You can run the commands listed below and specify -pl :sub-project to target a specific sub-project, scan results will be published only for the specified sub-project. If you do not include the parameter, scan results will be published for all artifacts generated across all sub-projects.

CODELOGIC-DISPLAY

mvn com.codelogic.agent.java:jcape-maven-plugin:21.21.1:codelogic-display

This goal will locally scan an artifact and display the resulting nodes and relationships in the terminal without publishing them to a remote server.

CODELOGIC-SCAN

mvn com.codelogic.agent.java:jcape-maven-plugin:21.21.1:codelogic-scan

This goal will locally scan an artifact and publish the resulting nodes and relationships to the configured CodeLogic Server.

Integration with Project pom.xml (Optional)

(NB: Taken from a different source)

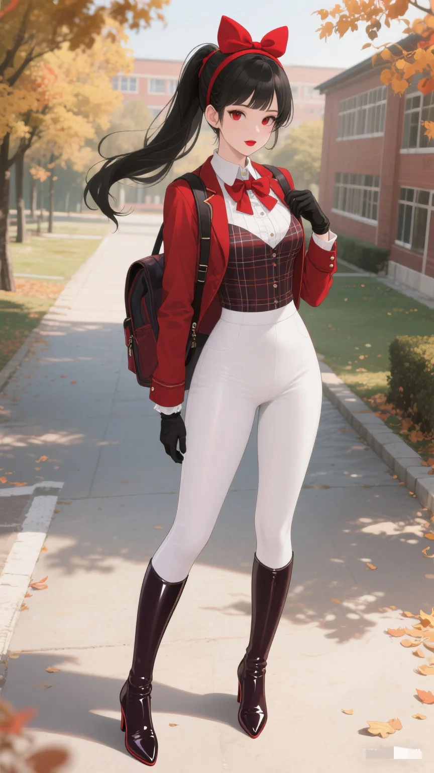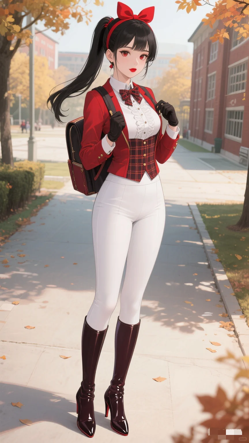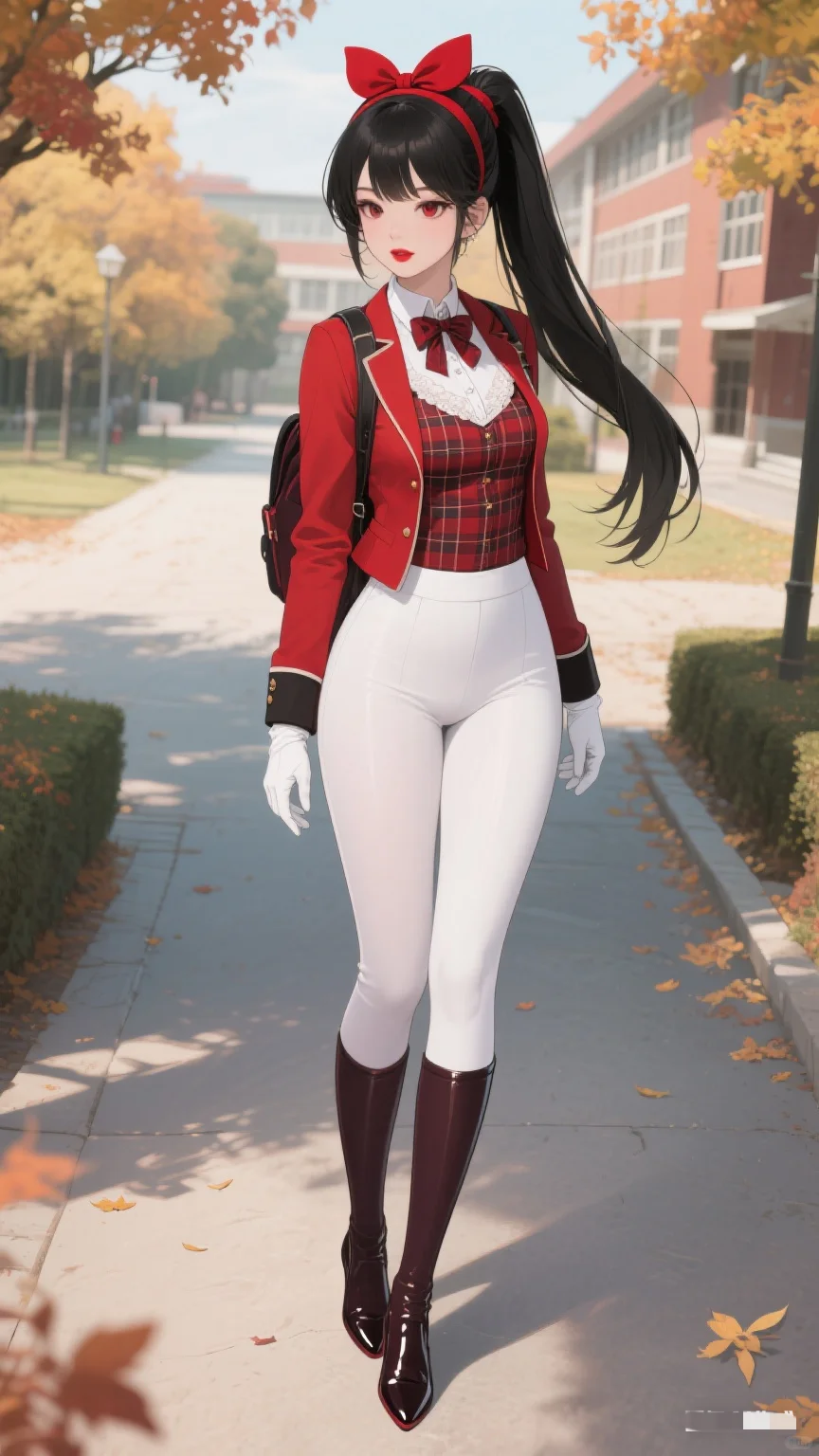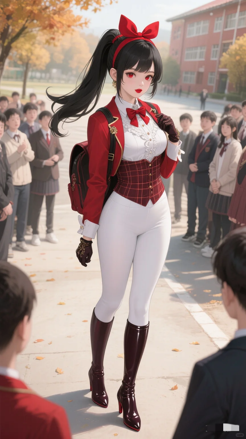 红与白的时尚碰撞,秋日校园的亮眼存在。

The CodeLogic Plug-in can be directly integrated with your build script in a pom.xml file.

<build>
    <plugins>
        <plugin>
            <groupId>com.codelogic.agent.java</groupId>
            <artifactId>jcape-maven-plugin</artifactId>
            <version>21.21.1</version>
            <executions>
                <execution>
                    <id>codelogic-scan</id>
                    <phase>install</phase>
                    <goals>
                        <goal>codelogic-scan</goal>
                    </goals>
                </execution>
            </executions>
            <configuration>
                <codelogic.batchSize>1000</codelogic.batchSize>
                <codelogic.methodInvokesScanningEnabled>true</codelogic.methodInvokesScanningEnabled>
                <codelogic.methodInvokesScanningPackageIncludeList>org.,net.</codelogic.methodInvokesScanningPackageIncludeList>
                <codelogic.applicationGroups>jCape</codelogic.applicationGroups>
            </configuration>
        </plugin>
    </plugins>
</build>

Run the Plug-in with Docker (Optional)

Example command:

docker run --rm                                                   \
    -i -t                                                         \
    --workdir /tmp/app/                                           \
    --volume ~/.m2/:/tmp/.m2/                                     \
    --user `id -u`:`id -g`                                        \
    --volume /path/to/the/archives/you/want/to/scan/:/tmp/app/    \
    -e MAVEN_CONFIG=/tmp/.m2                                      \
    maven:3.6.3-jdk-11                                            \
    sh -c 'mvn -s settings-override.xml com.codelogic.agent       \
        java:jcape-maven-plugin:$CODELOGIC_VERSION:codelogic-scan \
        -Dmaven.repo.local=/tmp/.m2/repository/ -Duser.home=/tmp'

Note

Replace $CODELOGIC_VERSION with your CodeLogic Server version number (for example, 21.21.1). The line would be:

sh -c 'mvn -s settings-override.xml com.codelogic.agent.java:jcape-maven-plugin:21.21.1:codelogic-scan'

Scan results are sent to the CodeLogic server for processing.